Primary care practitioners are the frontline of cancer identification. From dentists and general practitioners, to physiotherapists, occupational therapists and other allied health fields these professionals play a key role in reducing cancer incidence.
Victorian Comprehensive Cancer Centre (VCCC) Research & Education Lead, Associate Professor David Wiesenfeld explores the essential connection between primary care and oncology in relation to the notoriously difficult to detect head and neck squamous cell carcinoma or head and neck cancers.
Changing causes and future predictions
It is clear from studies that early diagnosis of head and neck cancers lead to a better prognosis and contributes to reduced treatment morbidity.
Early diagnosis depends upon two approaches:
- Community awareness of symptoms leading patients to seek care
- Primary capability with diagnostic testing expertise
Cancer Council Victoria’s publication of 2017 statistics and trends placed head and neck cancers tenth in incidence overall and sixth for males.

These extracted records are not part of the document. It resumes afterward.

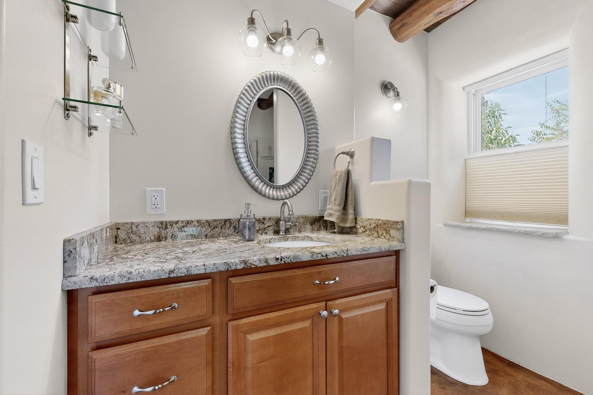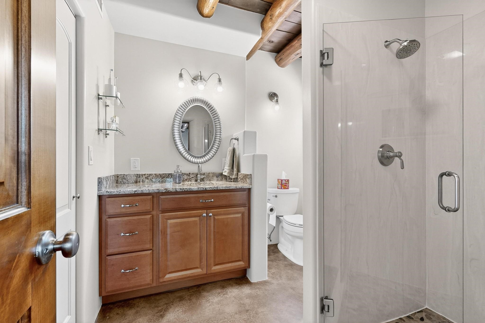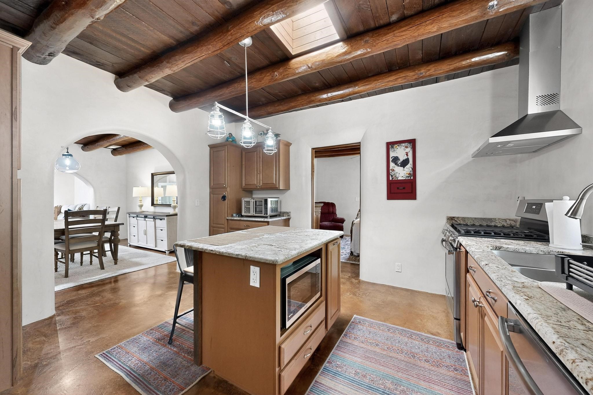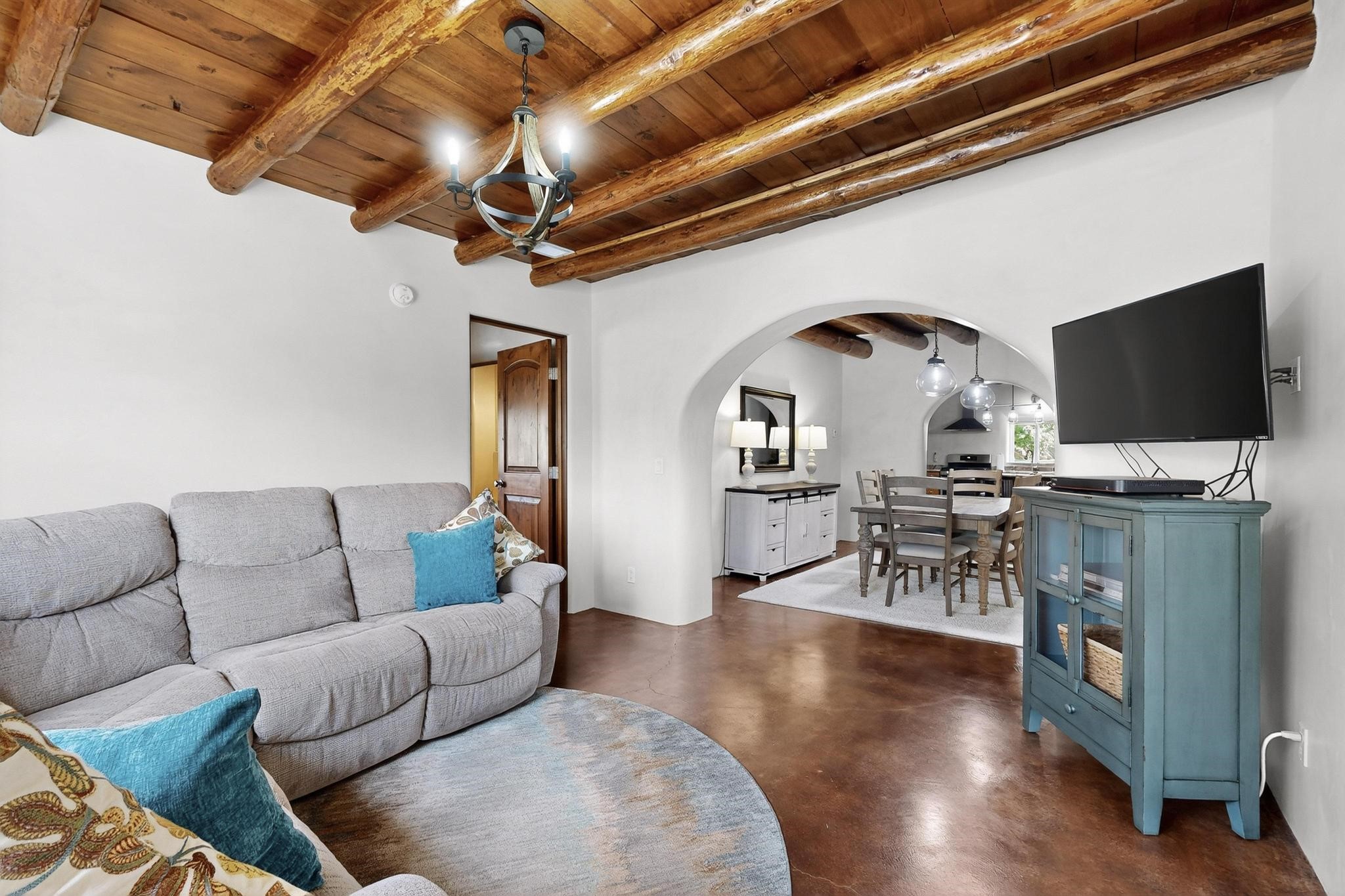 Beautiful home located in Pena Blanca. The home is located on .52 +/- acres. Outdoor areas include a walled courtyard with mature landscaping, fruit trees, and a small vineyard and 2 covered parking spaces. Adobe built home with stunning finishes such as viga ceilings, stained concrete floors, diamond finished walls and archways. The kitchen boasts granite countertops and an eat-in island with a separate large formal dining room. A 10X14 adobe storage building and a 10X12 Morgan Metal Storage is also located on the property. The property has community water plus a private well for irrigation. The private septic system is maintained by the community water and sanitation district. Newly replaced electrical and plumbing/heating/cooling systems. Easy commute via I-25 to Santa Fe and Albuquerque. Convenient access to Cochiti Lake.
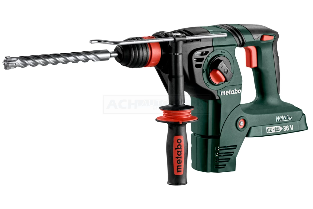 Hammerfutter für Werkzeuge mit SDS-plus-Einsteckende, Schnellspannbohrfutter für Werkzeuge mit zylindrischem Schaft, Metabo VibraTech (MVT)-Zusatzhandgriff, Bohrtiefenanschlag, MetaLoc Koffer, ohne Akkupack, ohne Ladegerät
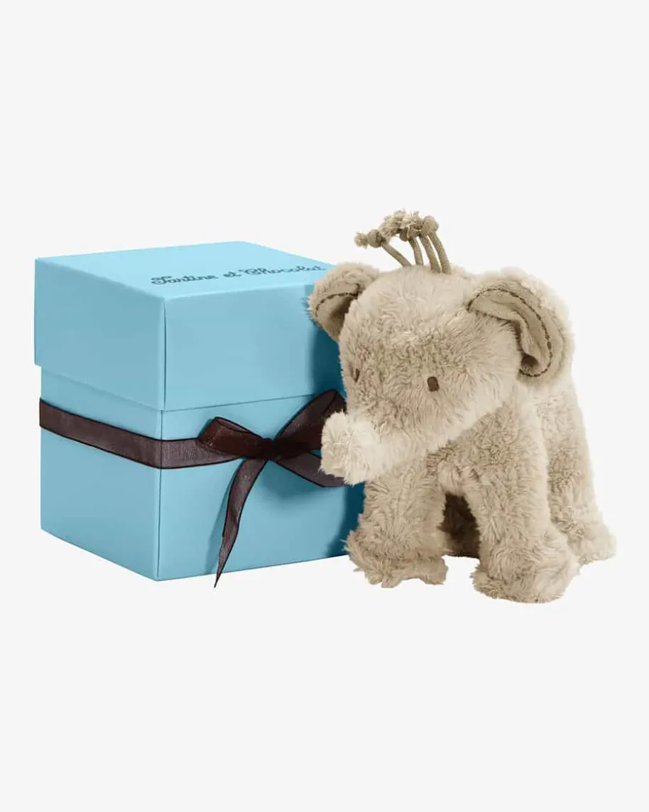 Plüsch-Elefant von Tartine et Chocolat in Taupe. Ferdinand ist ein kuscheliger Spielgefährte ebenso für kleine wie für große Kinder. Mit seinem flauschigen, taupe-farbenen Fell ist das Stofftier ein toller Schmusepartner. Neben einem süßen Haarbüschel auf dem Kopf verstärken auch die stoffwattierten Ohren des Elefanten die niedliche Optik. Für Abwechslung und Spaß beim Greifen sorgt die mit feinen Kunststoffperlen gefüllte Partie am Bauch. Durch die auf dem Rücken eingestickten Initialen von Tartine et Chocolat wird das Plüschtier zum echten Hingucker. Inklusive der passenden Geschenkschachtel ist der Kuscheltier-Elefant immer eine besonders gelungene Überraschung und somit das perfekte Geschenk, zum Beispiel für Geburtstage oder die Taufe.

Community education and government policies have contributed to a change in the cause of head and neck cancers. Years of cumulative tobacco and alcohol use is now a well recognised prime cause for adding risk to head and neck cancer development. Nonetheless several years of social change is required to translate to a reduction in cancers caused by smoking.
In addition, there is an increasing number of non-smoking, non-drinking females who have developed oral squamous cell carcinoma, a type of head and neck cancer. Further epidemiological studies are required to understand the changes in this special patient group.

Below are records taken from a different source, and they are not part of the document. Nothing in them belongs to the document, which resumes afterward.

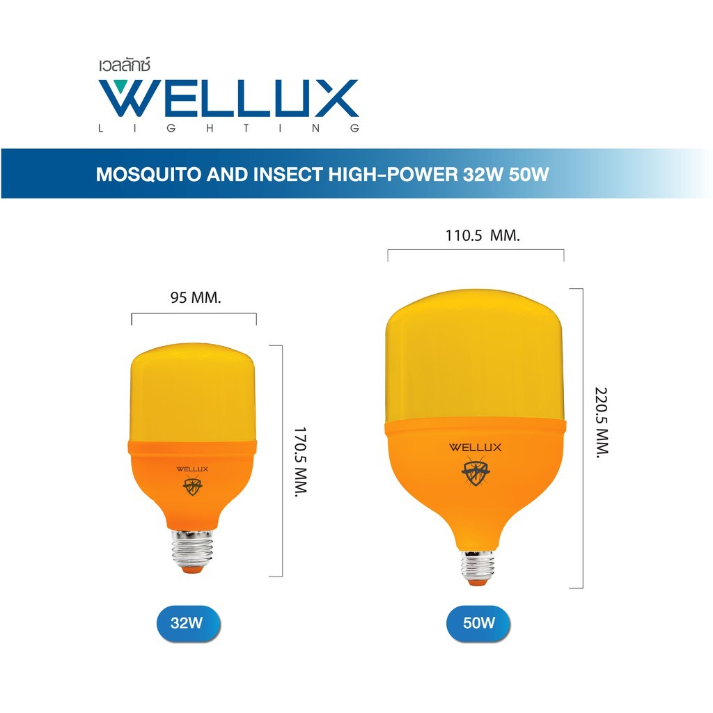 WELLUX หลอดไฟไฮวัตต์ไล่ยุงและแมลง 35W 50W ป้องกันโรคไข้เลือดออก LED HIGH WATT ANTI-MOSQUITO ขั้วE27
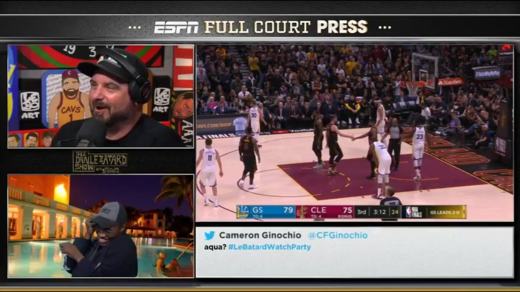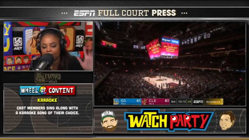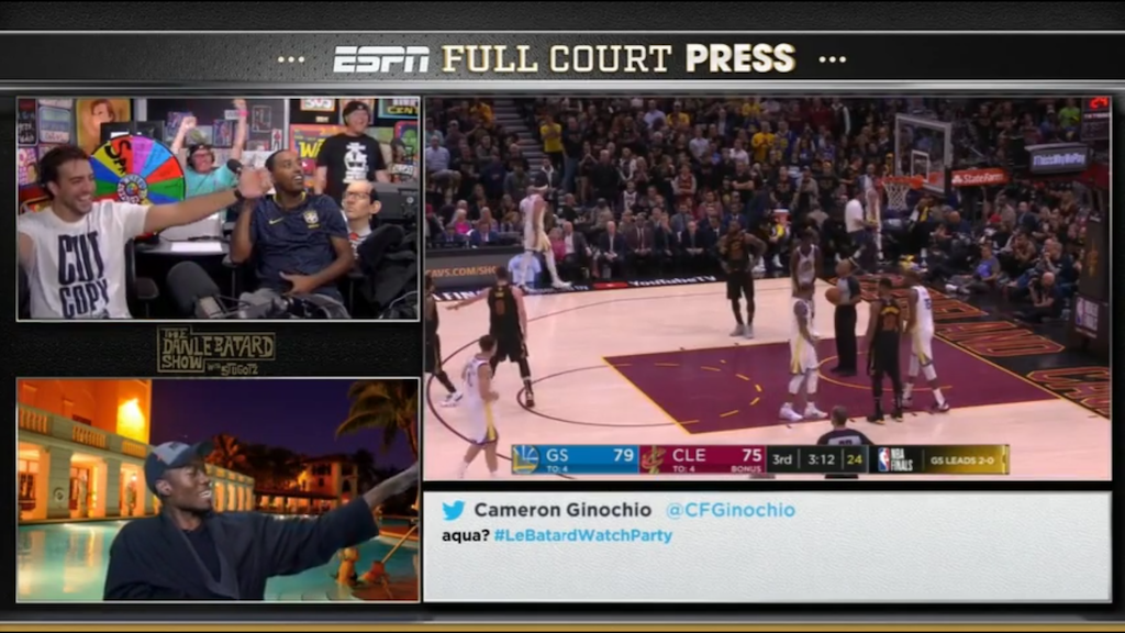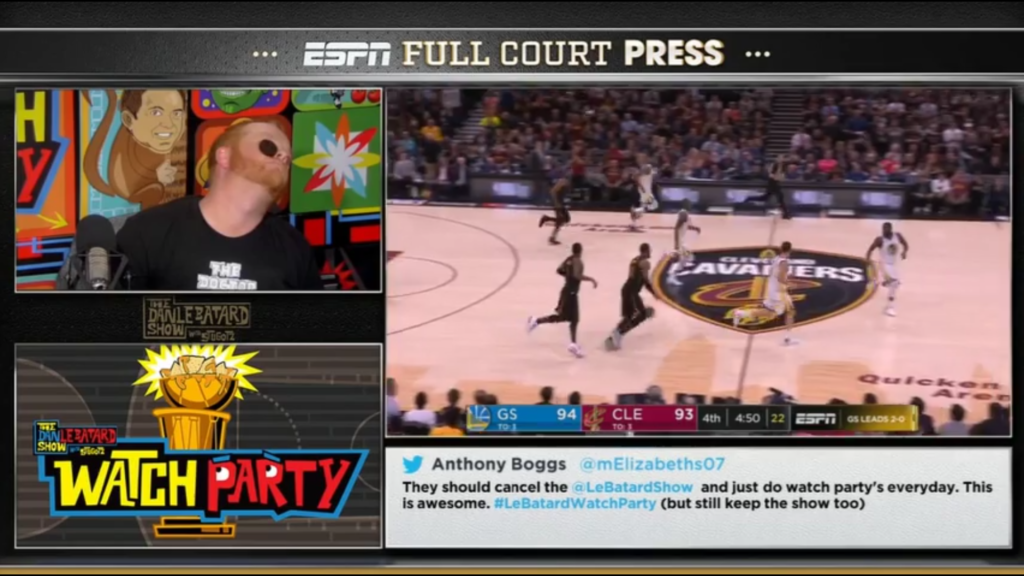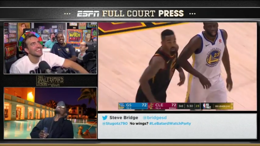 Kudos to ESPN for offering alternative viewing options for the current NBA Finals. I hope that someday all major events will offer us broader consumer choices as we found during Wednesday evening Game 3 of the NBA Finals. Not being emotionally invested in this series, chances are I would’ve tuned in late if the score was close or most likely have waited to simply watch the highlights on the late night Scott Van Pelt hosted Sportscenter, but instead I was watching from beginning to end with the guys of the Le Batard show who make me laugh every morning.
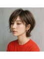襟足はタイトにおさえ、トップにだけ軽い動きをつけた丸みショート。顔まわりのレイヤーがやわらかく表情を引き立て、自然な抜け感のある仕上がり。
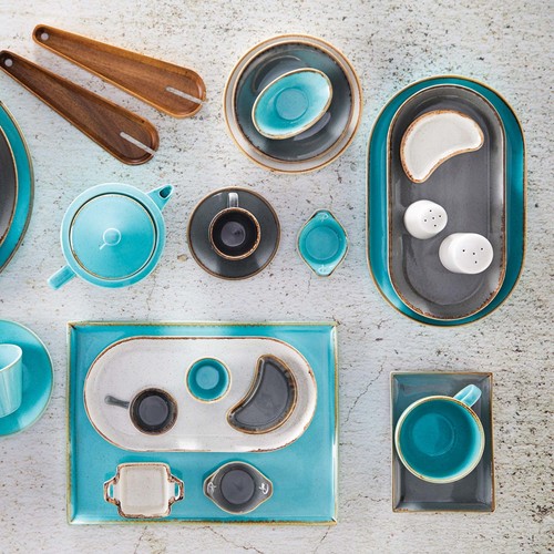 Kolekcja Seasons, inspirowana japońską filozofią Wabi-Sabi, podkreśla piękno niedoskonałości i naturalność upływającego czasu. W procesie produkcji zastosowano reaktywne szkliwo, które nadaje każdemu produktowi indywidualny charakter i niepowtarzalny efekt wizualny. Dzięki ręcznemu zdobieniu brzegów każdy element kolekcji jest unikatowy. Linia Laguna wyróżnia się kolorem błękitny niebieski, który harmonijnie łączy się z pozostałymi odcieniami kolekcji, tworząc spójną i elegancką całość.

Oropharyngeal cancer is another type of head and neck cancer related to the Human Papilloma Virus (HPV); incidences are also rising. In Australia, the HPV vaccine program has been available to females aged 14 and under, since 2007, and males in the same age group, since 2013. The vaccine has been proven to reduce rates of HPV-related cervical cancer and is expected to result in a reduction in HPV-related oropharyngeal cancer over the next 20 years.
Survival rate of head and neck cancers is currently less than 70 per cent; modelling predicts a 50 per cent incidence increase by 2032, leading to increasing service provision challenges. These figures do not include expected increases in head and neck cutaneous cancer or thyroid cancer, which alone is predicted to rise to over 1,200 per year in the same period.
Clinical care, education and ongoing research
Taking advantage of the the VCCC alliance members; seven hospitals, two medical research institutes and the University of Melbourne, we connect and establish improved clinical care through evidence-based, research outcomes.
Innovations, conducted by the VCCC alliance members, in immunotherapy, radiation and surgery are contributing to overall survival rates and improved quality of life for patients.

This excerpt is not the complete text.